Work instruction:
Copy out again, unchanged, the listing below from the line that has "Классическое меню Пуск" through the line that has "만화 아동복 도매 어린이".

Records for this exercise:
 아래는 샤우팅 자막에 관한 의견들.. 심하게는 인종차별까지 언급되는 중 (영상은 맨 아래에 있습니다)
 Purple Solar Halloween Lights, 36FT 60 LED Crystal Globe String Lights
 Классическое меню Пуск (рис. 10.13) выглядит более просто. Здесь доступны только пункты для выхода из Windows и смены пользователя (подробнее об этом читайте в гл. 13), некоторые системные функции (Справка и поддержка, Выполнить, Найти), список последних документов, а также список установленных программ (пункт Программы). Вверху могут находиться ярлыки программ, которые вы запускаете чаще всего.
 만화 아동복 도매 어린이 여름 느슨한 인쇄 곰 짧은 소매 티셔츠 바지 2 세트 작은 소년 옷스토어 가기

...

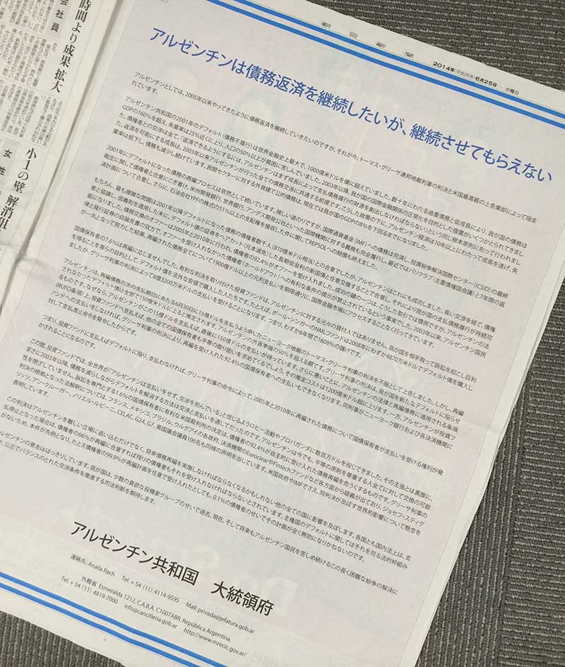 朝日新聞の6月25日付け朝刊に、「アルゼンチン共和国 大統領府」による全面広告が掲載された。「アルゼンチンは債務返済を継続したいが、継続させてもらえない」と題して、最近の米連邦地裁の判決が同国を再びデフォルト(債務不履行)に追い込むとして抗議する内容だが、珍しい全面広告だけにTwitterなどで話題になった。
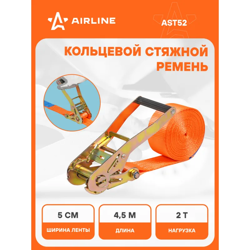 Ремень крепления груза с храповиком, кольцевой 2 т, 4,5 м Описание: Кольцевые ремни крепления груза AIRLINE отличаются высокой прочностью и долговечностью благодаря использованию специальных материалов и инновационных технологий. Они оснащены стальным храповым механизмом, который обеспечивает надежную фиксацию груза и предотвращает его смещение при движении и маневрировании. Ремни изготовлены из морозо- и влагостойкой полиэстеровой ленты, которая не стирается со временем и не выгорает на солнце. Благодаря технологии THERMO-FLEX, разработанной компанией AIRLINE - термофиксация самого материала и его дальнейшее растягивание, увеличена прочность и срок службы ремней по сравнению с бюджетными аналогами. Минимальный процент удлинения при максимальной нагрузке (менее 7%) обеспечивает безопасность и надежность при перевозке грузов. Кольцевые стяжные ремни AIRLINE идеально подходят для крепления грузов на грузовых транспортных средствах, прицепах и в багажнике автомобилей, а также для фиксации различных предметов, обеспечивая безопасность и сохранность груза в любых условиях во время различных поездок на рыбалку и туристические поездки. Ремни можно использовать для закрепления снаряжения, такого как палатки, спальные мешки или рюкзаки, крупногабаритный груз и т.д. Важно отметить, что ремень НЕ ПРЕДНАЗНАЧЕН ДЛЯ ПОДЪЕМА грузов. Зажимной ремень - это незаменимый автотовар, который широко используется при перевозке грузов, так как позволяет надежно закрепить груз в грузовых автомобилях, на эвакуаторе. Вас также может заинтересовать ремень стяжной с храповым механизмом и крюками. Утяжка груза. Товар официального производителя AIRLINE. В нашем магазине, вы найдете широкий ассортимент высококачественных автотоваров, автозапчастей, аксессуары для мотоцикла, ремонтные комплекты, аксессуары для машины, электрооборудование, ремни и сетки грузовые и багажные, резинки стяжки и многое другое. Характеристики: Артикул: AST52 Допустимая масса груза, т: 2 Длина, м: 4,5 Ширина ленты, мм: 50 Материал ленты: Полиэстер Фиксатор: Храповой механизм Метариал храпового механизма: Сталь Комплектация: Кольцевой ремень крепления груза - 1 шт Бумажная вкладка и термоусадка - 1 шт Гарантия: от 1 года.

Task response:
 Классическое меню Пуск (рис. 10.13) выглядит более просто. Здесь доступны только пункты для выхода из Windows и смены пользователя (подробнее об этом читайте в гл. 13), некоторые системные функции (Справка и поддержка, Выполнить, Найти), список последних документов, а также список установленных программ (пункт Программы). Вверху могут находиться ярлыки программ, которые вы запускаете чаще всего.
 만화 아동복 도매 어린이 여름 느슨한 인쇄 곰 짧은 소매 티셔츠 바지 2 세트 작은 소년 옷스토어 가기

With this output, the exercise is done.